Эдуард. А я скажу… Что вы тут… Самые беспомощные! Сидите, ждёте! И стараетесь не думать о том, что если там ( показывает рукой на приёмный покой) что-то страшное случится, то и вся ваша жизнь, которой вы сейчас живёте… Всей вашей жизни капец… Случись с кем-нибудь из ваших детей что-нибудь страшное – и вам труба! Ясно? Не они от вас, а вы от них зависите. И от тех, кто ещё не родился, тоже. Понял, Лёша? Это ты зависишь от своих девчонок, от дочек своих. От Кати и Танюшки. Полностью зависишь! И вы, профессор, от своих, если они, конечно, вам дороги, а не так – пустой звук.

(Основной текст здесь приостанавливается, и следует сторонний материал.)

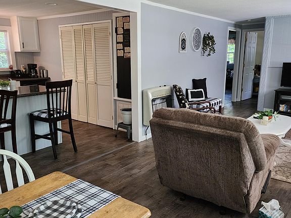 Open Concept with beautiful kitchen island, new roof, new ductless hvac, luxury vinyl plank flooring throughout, range, microwave, dishwasher, fridge, washer and dryer included. The woods behind and on the side provide lots of privacy .
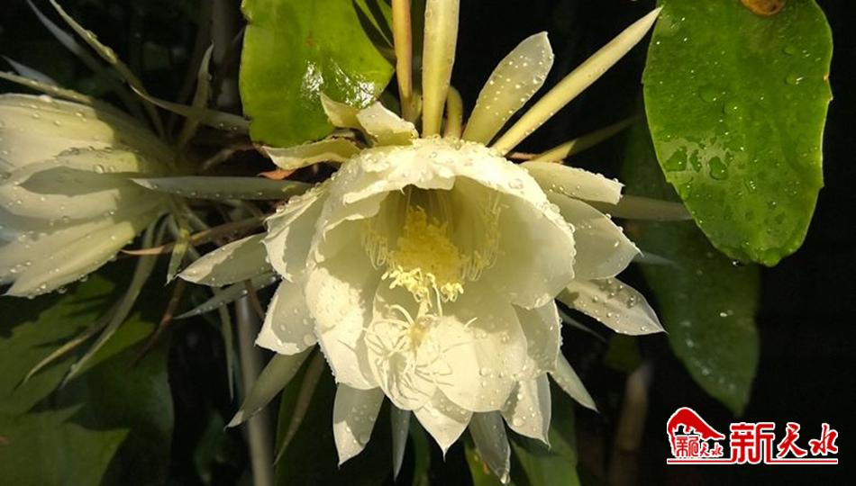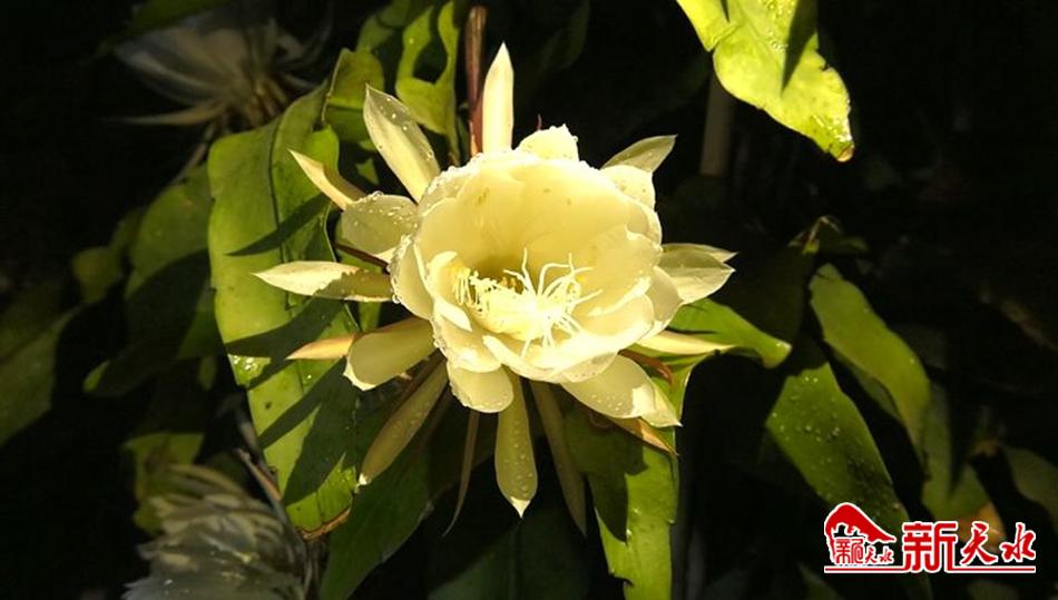 新天水讯【特约通讯员 吴雪镕】秋月优昙分外清,娇姿美态见分明。9月19日晚,麦积区北道埠街道一居民家里,昙花悄然绽放。 花叶外围呈绛紫色,花心里有成束淡黄色的雄蕊,下过雨的露珠正缀在花瓣上,看上去冰清玉洁、玲珑剔透。令汪先生一家欣喜不已。

Игорь. Если вы хотите меня в чём-то обличать… Я тоже не понимаю, к чему вы клоните… Но лучше остановитесь.
Эдуард. Да ладно вам… Обличать?! Я же не дурак. Я знаю, о чём говорю. Ты про это, Лёш, не знаешь. Я тебе не говорил. Никому не говорю… Это было давно и, как любят говорить, в другой жизни… Правильно говорят! Та жизнь закончилась. Совсем… Я когда ещё в политехе учился, женился. В двадцать один год. Сопляк. Через три месяца после свадьбы, хотя какая там свадьба ( усмехается), родился у меня сын. Маленький такой. Чудесный. Павлик, Павлуша… А когда ему было полтора годика, он умер. Уже ходил вовсю, бегал, говорил слова… Заболел и умер. Мы его к моим в Усть-Катав на лето отвезли. Хотели сами на море… Компания у нас была вся бездетная… Уж что там у них случилось на самом деле, я точно не знаю. Его в деревню к бабушке моей отвезли. Там же места сказочные. Южный Урал. Заболел. Не сразу стали лечить. Потом лечили по-деревенски, боялись сообщить, зря потревожить. Короче, умер Павлик. Мы когда примчались, он в больнице уже всё время был без сознания. Трубки, провода и он – маленький-маленький. Бабка моя сама чуть не померла тогда. Но я не захотел её больше видеть. С родителями с тех пор… Ну так… Как-нибудь… На телефоне. С женой и полгода вместе не прожили. Видеть друг друга не могли. Из Челябинска почти сразу уехал. Не мог мимо парка проезжать, в котором Павлика в коляске катал. Жизнь та полностью закончилась… Совсем! Погибла. Ничего не осталось. Я думал, пройдёт! Должно забыться… Отпустить должно… Сколько лет-то уже прошло! Нет! Ни хрена! Вообще! И снится, и догоняет… И как только маленьких вижу, накрывает. Не всегда… Но часто. Когда Костя родился, я над ним трясся, как сумасшедший. Чуть сопли, температура – я «Скорую». Сутками не спал… Сейчас он где-то задерживается, я сижу. Жена, педагог-воспитатель, спит спокойно, а я глаз не сомкну. Я из командировок ему звоню чаще, чем жене… Знает, что, если не ответит, лишу всего, чего только могу лишить. Вот ему в армию через два года. А у меня уже паника! Какая, на хрен, армия? Я ему лучше сам ногу сломаю, если справку не куплю. Но в армию он не пойдёт! Или я вместе с ним. Не хочу… Не хочу снова потерять жизнь, которой живу. Думаете, я ещё детей не хотел? Да очень хотел и хочу! Дочку хочу. Двойню хочу. Но с ума же сойду, сил не хватит… Мы от них зависим, а не наоборот… Но как же… Как же я вам завидую мужики, при всём при том.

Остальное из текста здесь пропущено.